From my side - really good to see people trying new things, but some matters do appear a bit odd to me:

1. Monthly records are prioritized over all-time records (it seems to me you cannot even select all-time from the starting page menu?);
2. No less bizarre - the number of submitted checklists seems to be placed above the number of species observed (or at least that is my impression).

I fully get the point that ebird wants to encourage more submissions and active participation from all - but not sure whether the above is the right way to go?...
 
I really like the new font and web page layout - it gives a really spacious, classy feel to the website. For me, the My Stats page defaults to the country I'm in (although auto-detection can be turned off), and gives all-time rather than monthly species statistics. This also gives localised news reports as well as eBird news, which is a nice touch - in this case a report on little bustard decline which was the lead article in Pardela (the SPEA magazine).

The 'My eBird' page again headlines with all time stats, in my case as before for World, although this is also user-selectable, and species by year are placed above species by month. It's when you go to Explore Regions that I agree things start to get a little strange, when the default is the current month and you have 'community targets' (slightly bizarre selection including tufted duck, which you really should've been looking for here before April...). There's also a list of newly added species, which is great for twitching I guess, but if your priority is to understand what are regularly occurring species in a region you may be visiting, this is less good.

I also like the fact that you can access other people's Trip Reports (provided their settings are public), which are organised on a regional basis. I always wondered what the point of these was, other than sharing internally with a group, as you could only ever see your own.
 
when the default is the current month and you have 'community targets' (slightly bizarre selection including tufted duck, which you really should've been looking for here before April...).
I think it's possible to choose the year (though you have to do it again for every new region).

There's also a list of newly added species, which is great for twitching I guess, but if your priority is to understand what are regularly occurring species in a region you may be visiting, this is less good.
Or for spring migration. The bar charts are still there, maybe not so prominently, though.

I like the new sleek design, too.
 
I like the new look...it will take a bit to get adjusted to the new placement of things, but don't see the doom and gloom people are preaching about the update.
 
It is interesting. I was rather taken aback. It takes a lot to get used to a system and entrust an organisation with so much data and information which is core to your life. A change of this nature casts a shadow that maybe over-reliance in any organisation is a poor idea.... It is certainly causing me to reflect.
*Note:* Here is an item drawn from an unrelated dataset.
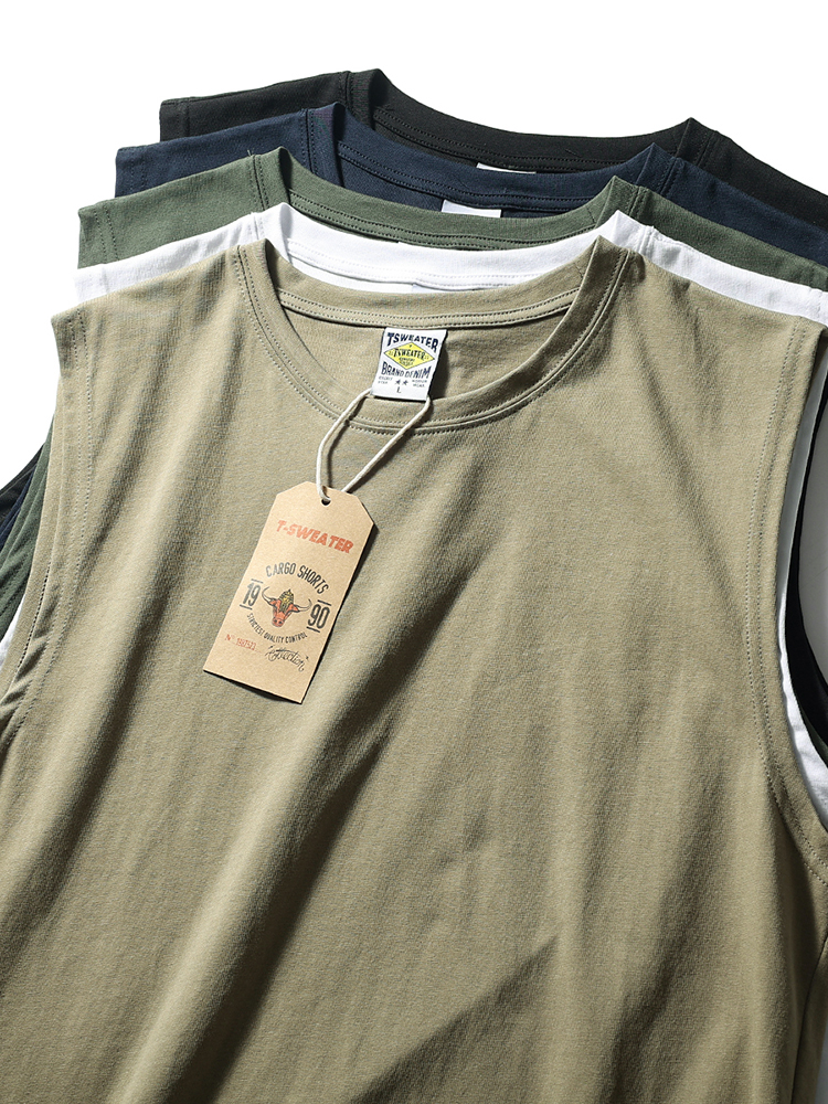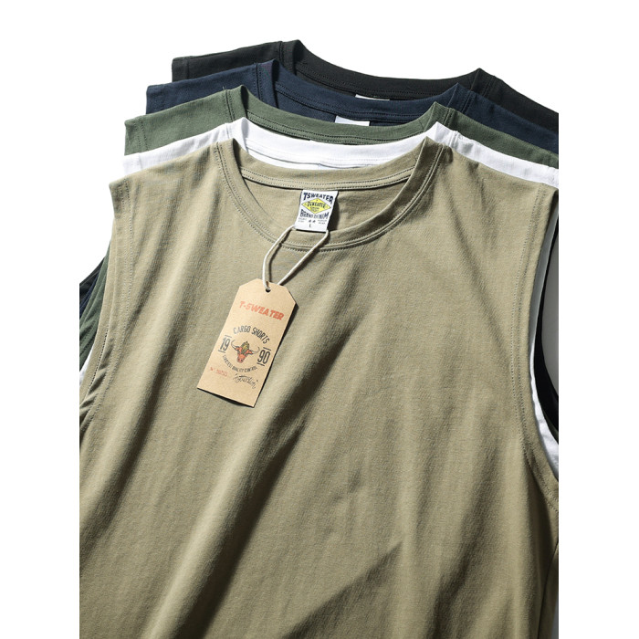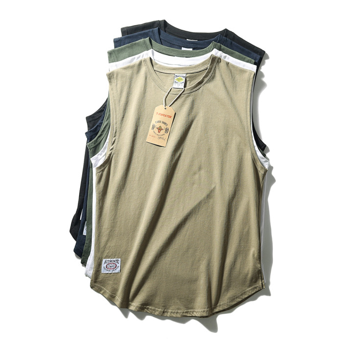 男士潮牌背心夏季健身潮流新款純棉純色寬松運動坎肩無袖T恤復古

For my browser as well, it is causing issues on speed and it has crashed a couple of times.

All the best

Paul
 
It is interesting. I was rather taken aback. It takes a lot to get used to a system and entrust an organisation with so much data and information which is core to your life. A change of this nature casts a shadow that maybe over-reliance in any organisation is a poor idea.... It is certainly causing me to reflect. For my browser as well, it is causing issues on speed and it has crashed a couple of times.

All the best

Paul
It's not that different. Although I admit I have had no technical issues besides the site being a little slower.
 
It's not that different. Although I admit I have had no technical issues besides the site being a little slower.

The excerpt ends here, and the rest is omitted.